In the same way that a tree bears its fruit, my mini-stories bear the fruit of change within King Shahrayar’s heart. Through my stories, I was able to help the king reclaim some of the hope, understanding, and even love that he had once lost because of his unfaithful wife. I also showed him that women could yet be good and kind, faithful and true, and be intelligent without the wickedness which so many other storytellers have been unwilling to show over the centuries.

Van Leeuwen wrote an excellent article that mentions how odd it must seem in my breaking up the stories with the nights, but he also says that by breaking them up I multiplied the dimensions and meanings within the stories themselves and gave a kind of fluidity to the whole thing. I like Van Leeuwen’s interpretation of my actions. He describes the most basic interruption as the break between the fantasy world of the stories that I tell and the world of the frame story in which I, myself, take part. Incidentally, he did his homework on the subject.
During that time it was quite usual for my people to use frame stories in order to create a more profound and comprehensive anthology. In using these frame stories, rather than teaching a lesson directly to the listener, we can teach vicariously through the understanding of the frame story’s characters’ understandings. When I decided to try and save the rest of the kingdom’s women from our vengeful king I knew that a direct approach would never work, so I had to drop him coy little hints in the form of fairytales, bedtime stories, and religious parables and sayings.

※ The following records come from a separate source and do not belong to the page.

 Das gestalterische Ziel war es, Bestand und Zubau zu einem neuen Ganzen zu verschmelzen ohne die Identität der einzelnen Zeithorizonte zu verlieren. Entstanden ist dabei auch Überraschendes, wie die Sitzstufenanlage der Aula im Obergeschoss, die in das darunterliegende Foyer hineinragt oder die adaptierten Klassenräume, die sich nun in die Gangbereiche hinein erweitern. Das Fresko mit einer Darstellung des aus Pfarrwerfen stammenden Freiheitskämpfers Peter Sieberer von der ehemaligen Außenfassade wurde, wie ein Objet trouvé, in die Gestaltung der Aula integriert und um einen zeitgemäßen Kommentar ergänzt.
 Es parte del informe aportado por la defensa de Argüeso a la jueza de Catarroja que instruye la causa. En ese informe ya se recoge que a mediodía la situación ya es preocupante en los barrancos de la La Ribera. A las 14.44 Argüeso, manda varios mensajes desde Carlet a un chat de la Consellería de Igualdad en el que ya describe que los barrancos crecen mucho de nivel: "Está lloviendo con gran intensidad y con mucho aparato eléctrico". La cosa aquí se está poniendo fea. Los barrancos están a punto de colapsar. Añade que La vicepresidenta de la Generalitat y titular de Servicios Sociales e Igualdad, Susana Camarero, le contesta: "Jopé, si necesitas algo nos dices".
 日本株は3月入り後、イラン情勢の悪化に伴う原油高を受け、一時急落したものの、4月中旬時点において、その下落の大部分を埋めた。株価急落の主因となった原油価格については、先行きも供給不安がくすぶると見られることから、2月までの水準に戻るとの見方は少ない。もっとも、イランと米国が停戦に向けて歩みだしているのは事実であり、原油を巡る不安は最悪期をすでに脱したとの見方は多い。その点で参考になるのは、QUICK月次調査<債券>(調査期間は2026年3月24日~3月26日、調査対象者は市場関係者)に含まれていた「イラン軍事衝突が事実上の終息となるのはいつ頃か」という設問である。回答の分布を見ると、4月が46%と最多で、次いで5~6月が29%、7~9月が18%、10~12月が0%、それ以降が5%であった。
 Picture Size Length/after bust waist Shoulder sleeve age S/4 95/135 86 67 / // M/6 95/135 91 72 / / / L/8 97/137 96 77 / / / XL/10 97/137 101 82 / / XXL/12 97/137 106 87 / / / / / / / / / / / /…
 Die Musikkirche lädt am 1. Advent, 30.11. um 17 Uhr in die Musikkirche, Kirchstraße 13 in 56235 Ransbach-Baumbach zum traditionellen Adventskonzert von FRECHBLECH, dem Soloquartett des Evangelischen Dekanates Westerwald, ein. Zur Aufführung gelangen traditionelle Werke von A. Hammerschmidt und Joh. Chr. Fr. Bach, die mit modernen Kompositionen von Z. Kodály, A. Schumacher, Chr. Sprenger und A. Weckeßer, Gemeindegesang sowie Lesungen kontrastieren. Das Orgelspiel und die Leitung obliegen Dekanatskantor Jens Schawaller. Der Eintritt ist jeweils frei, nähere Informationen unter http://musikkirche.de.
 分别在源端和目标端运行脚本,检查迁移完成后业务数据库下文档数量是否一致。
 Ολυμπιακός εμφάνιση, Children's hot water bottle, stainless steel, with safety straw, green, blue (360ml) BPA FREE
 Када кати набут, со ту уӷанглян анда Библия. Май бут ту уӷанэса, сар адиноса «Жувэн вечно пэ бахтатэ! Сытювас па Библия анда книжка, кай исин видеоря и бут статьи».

Although a king be a foolish man, it doesn’t make him less of a king, it just means he is less of a man. So, using the art of interruptive story telling has been around for a very long time, even long before my own time, but Van Leeuwen has a much better grasp on the many useful techniques that using frame stories and interruptive techniques can yield as well as how they help to structure a story by allowing intervals between different perspectives.
Van Leeuwen also describes how the stories that I told King Shahrayar could be directly related to the frame story in which he experiences so many wrongs on behalf of women. My poor husband was practically raped by a woman being held captive by a demon, he was cheated on in his own home by his wife and a common servant, and he watched as his brother suffered the same disgrace in multiplicity. Van Leeuwen says, “As a mechanism for the generation of meanings, the juxtaposition of viewpoints enhances the cycle’s character as an initiation into new forms of knowledge” (185).

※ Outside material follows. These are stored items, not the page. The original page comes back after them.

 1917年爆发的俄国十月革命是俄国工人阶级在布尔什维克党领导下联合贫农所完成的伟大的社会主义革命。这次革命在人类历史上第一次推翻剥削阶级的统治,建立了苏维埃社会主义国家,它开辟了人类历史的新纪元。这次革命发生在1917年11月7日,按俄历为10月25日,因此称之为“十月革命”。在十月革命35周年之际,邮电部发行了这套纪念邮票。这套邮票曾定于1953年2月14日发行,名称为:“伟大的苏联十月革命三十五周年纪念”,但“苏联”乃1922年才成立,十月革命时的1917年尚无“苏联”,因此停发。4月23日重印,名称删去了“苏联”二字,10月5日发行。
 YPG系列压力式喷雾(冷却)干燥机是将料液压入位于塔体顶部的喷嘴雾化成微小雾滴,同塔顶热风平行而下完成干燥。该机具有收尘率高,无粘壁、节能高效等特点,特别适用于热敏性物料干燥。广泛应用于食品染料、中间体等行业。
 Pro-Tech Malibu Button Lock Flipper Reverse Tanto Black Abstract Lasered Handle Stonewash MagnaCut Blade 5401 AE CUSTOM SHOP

Throughout the stories there are always several characters that give an account from their own perspective about what has happened in the past in order to help the reader’s and the protagonist’s understanding of the problem and how to remedy the situation properly. When I told the story about the fisherman and the demon, for instance, the demon was fixated on killing the fisherman because no one else had come to release him in hundreds of years. However, the way the fisherman saw it, the demon owed him a reward for being the one to release him after so much time.

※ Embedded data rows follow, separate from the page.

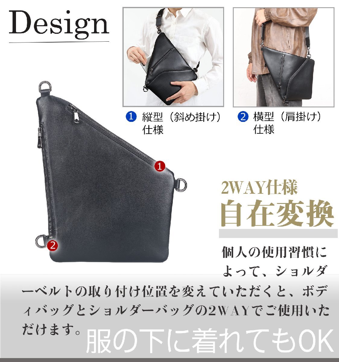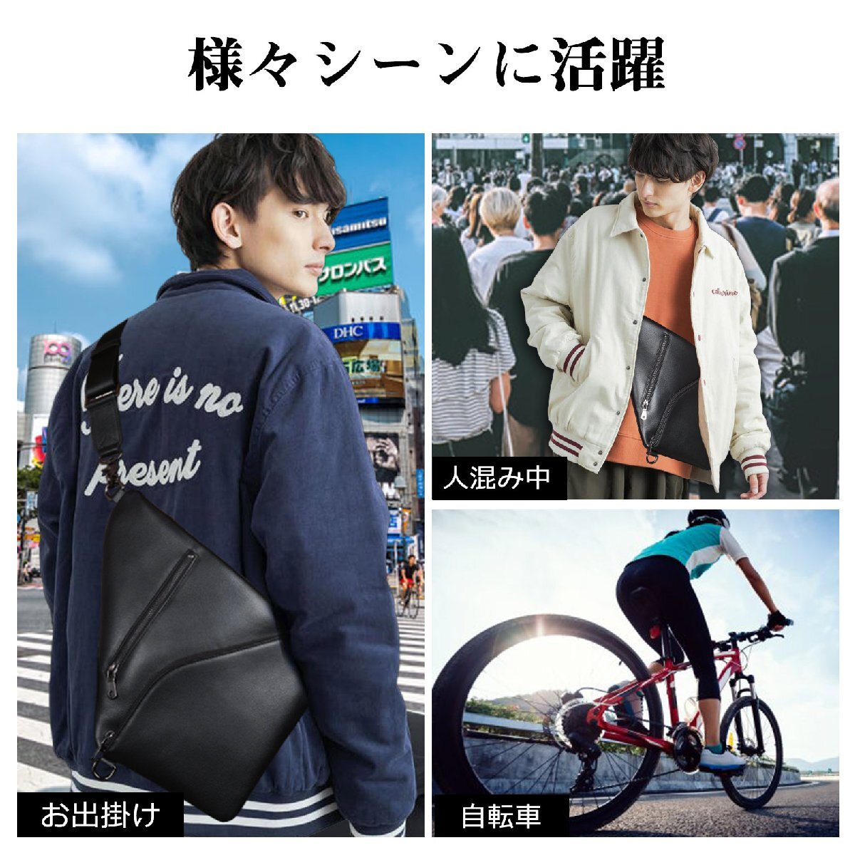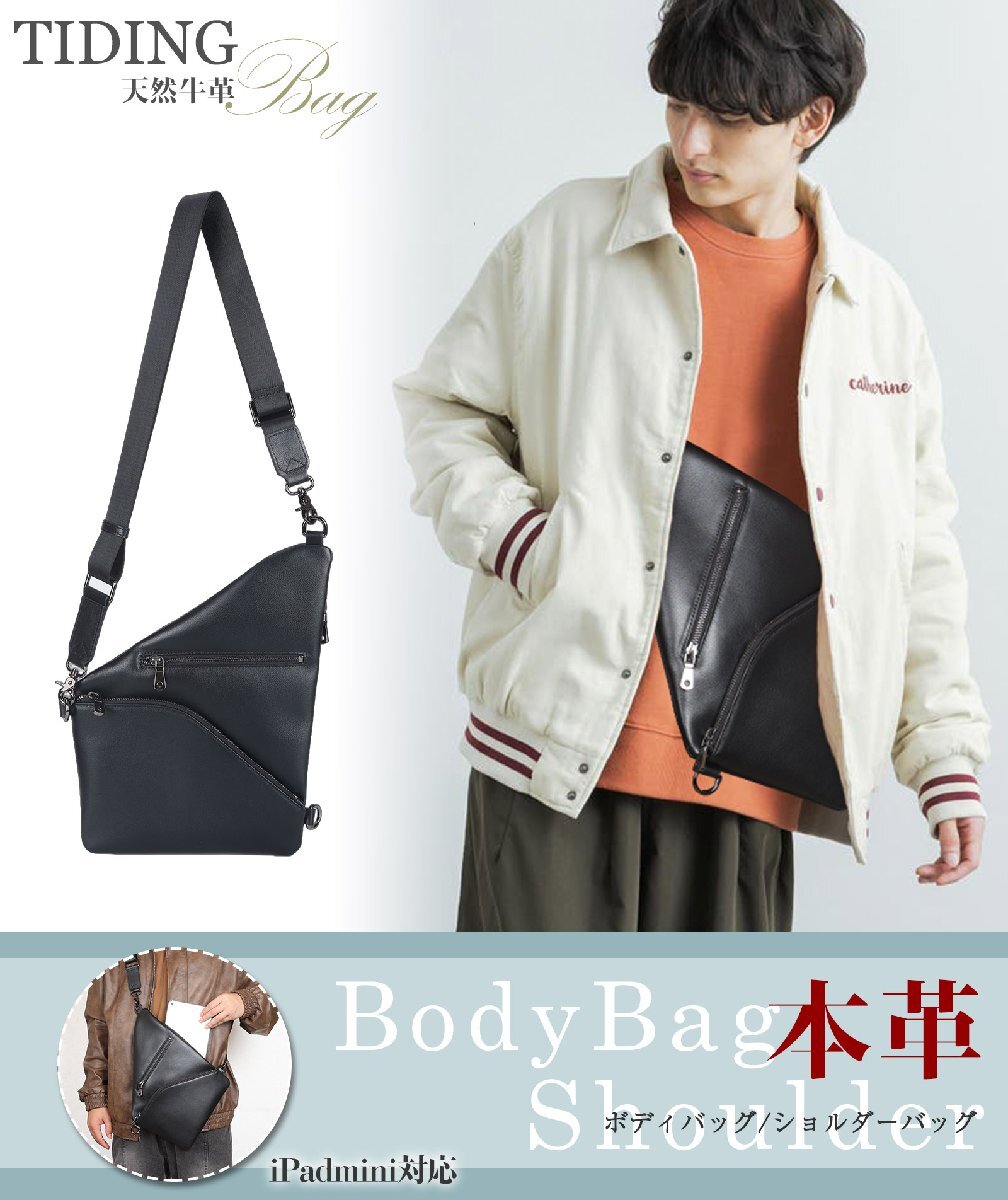 TIDING 薄型 本革 ボディバッグ メンズ ワンショルダーバッグ 斜め掛け 服下着れる 大容量 iPadmini対応 ブラック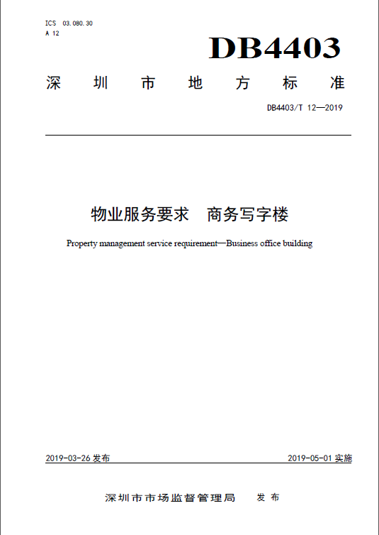 深圳市市場監(jiān)管局自2016年開始籌備物業(yè)服務(wù)認(rèn)證工作,歷經(jīng)三年多,在深圳標(biāo)準(zhǔn)認(rèn)證聯(lián)盟和標(biāo)準(zhǔn)技術(shù)研究院的大力支持下,中航物業(yè)和SGS通標(biāo)標(biāo)準(zhǔn)技術(shù)服務(wù)有限公司經(jīng)過行業(yè)走訪調(diào)研、專業(yè)論證、條款編寫、標(biāo)準(zhǔn)評審,終于在2019年5月1日聯(lián)合發(fā)布了首個(gè)服務(wù)類深圳認(rèn)證標(biāo)準(zhǔn)DB 4403/T 12—2019《物業(yè)服務(wù)要求 商務(wù)寫字樓》,標(biāo)準(zhǔn)引入了先進(jìn)的服務(wù)接觸理論和服務(wù)質(zhì)量評價(jià)模型,從客戶感知和企業(yè)自身管理兩個(gè)角度提出服務(wù)要求和管理要求,結(jié)合深圳市商務(wù)寫字樓的先進(jìn)技術(shù)和先進(jìn)方法,具有較強(qiáng)的科學(xué)性和適用性,達(dá)到了國內(nèi)領(lǐng)先、國際一流水平。認(rèn)證按照深圳標(biāo)準(zhǔn)認(rèn)證聯(lián)盟發(fā)布的首個(gè)服務(wù)認(rèn)證實(shí)施規(guī)則實(shí)施。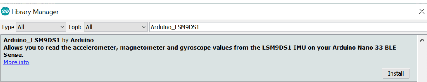 2. Also, let's make sure we have all the libraries we need installed. If we are using the online IDE, there is no need to install anything. If we are using the offline IDE, this can be done by navigating to Tools > Manage libraries..., search for Arduino_TensorFlowLite and Arduino_BMI270_BMM150, and install them both.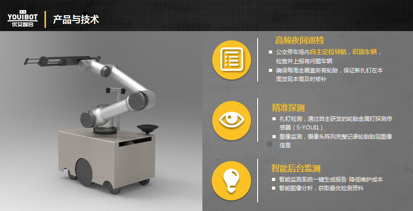 對此,“優(yōu)艾智合”機(jī)器人主要有三大特點(diǎn):主動輪懸掛差速移動系統(tǒng),可完全適應(yīng)停車場路況和公交??凯h(huán)境,自主定位,精確到亞米級,識別車輛檢查后并上報有問題車輛;其自主研發(fā)的倫倫金屬釘探測傳感器可百分百精確檢測到金屬異物,且圖像監(jiān)測,攝像頭陣列可完整記錄輪胎冠像信息;之后,其智能后臺監(jiān)測系統(tǒng)一鍵生成報告,獲取最優(yōu)檢測資料。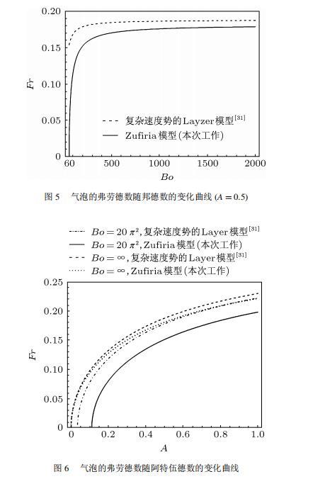 當(dāng)取邦德數(shù)一定時,氣泡的弗勞德數(shù)隨阿特伍德數(shù)的變化如圖3所示。在圖3中Bo=20pi^2。從圖中可以發(fā)現(xiàn),利用Goncharov所提出的復(fù)雜速度勢運(yùn)算的結(jié)果比本次工作稍微大一些。在阿特伍德數(shù)等于1時,兩種理論結(jié)果完全一致。當(dāng)阿特伍德數(shù)較小時,兩種理論結(jié)果也基本一致。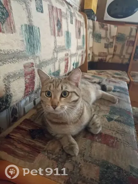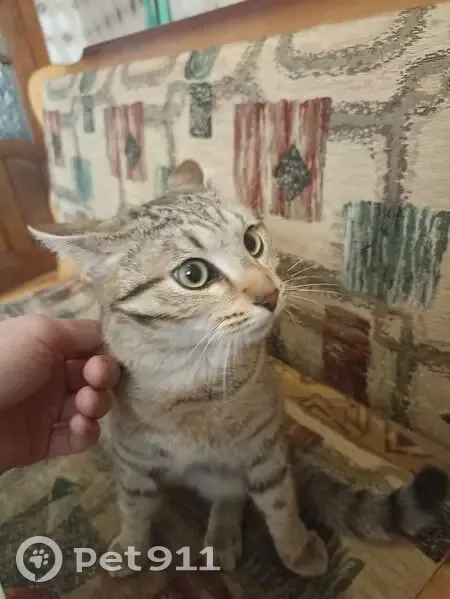 Пятнисто полосатого окраса. Очень ласковый. Пахнет шампунем, по всём параметрам домашний.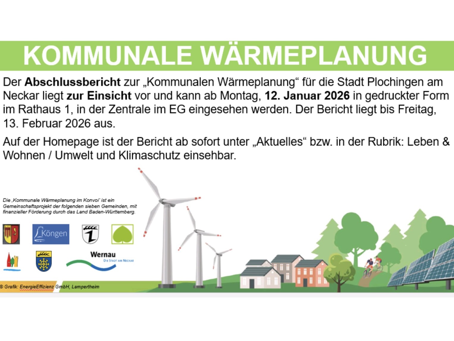 Hier finden Sie den Abschlussbericht zur kommunalen Wäremplanung (PDF / 18,927 MiB) in Plochingen. Diesen können Sie im Rathaus I, Schulstraße 7, EG/Zentrale vom 12.01.26 bis 13.02.26 einsehen.

Allowing both parties to speak their thoughts about the situation in conversation made it much easier to discern a mediation point. In other words, knowing both sides of the story helped to rectify the situation amicably for both parties in the end. I was trying the show the king that jumping to conclusions is never a good way to solve a problem. His ex-wife’s betrayal leads him to pronounce vows with a new woman each day and then break those vows by killing them the next so that they would not have a chance to betray him first.
I was able to slowly give meaningful and constructive criticism of King Shahrayar’s decisions over the course of many nights and because of that criticism he changed on the inside. He became whole again, with an understanding that he had found a woman (myself) that would never betray him. Throughout my Thousand and One Nights, love is a catalyst to reveal the true nature of the person within a given character, because love defines us. Love of one’s self versus love for others, love of money versus love of one’s family, love for love’s sake versus love for the sake of sex and wiles.
Wills G. Regier pointed out that “Love is everywhere”, and I could not agree more. Within every expression of love there is a story to be told about those involved and the feeling of love in and of itself. I told King Shahrayar stories of this sort each night, some with violence and murder, some with mystery and suspense, and some with sexual escapades. OK, a lot with sexual escapades. I practically bored the man to sleep some nights! I had to improvise to continue to keep his interest in my stories, but I always tried to find ways to wrap them up with love.
My king seemed to have forgotten what love really was, so I needed to remind him of the feeling he so desperately sought even if, to begin with, it was sought unconsciously. Regier actually nailed it when he said that I gave King Shahrayar spiritual instruction a couple of times (311). I was attempting to do just that by reciting proverbs and Muhammad’s sayings. I was attempting (and apparently successfully so) to help him regain his moralistic views and understandings of the world. Love plays a large role in one’s understanding of how people view each other and how and why the react in the ways that they do.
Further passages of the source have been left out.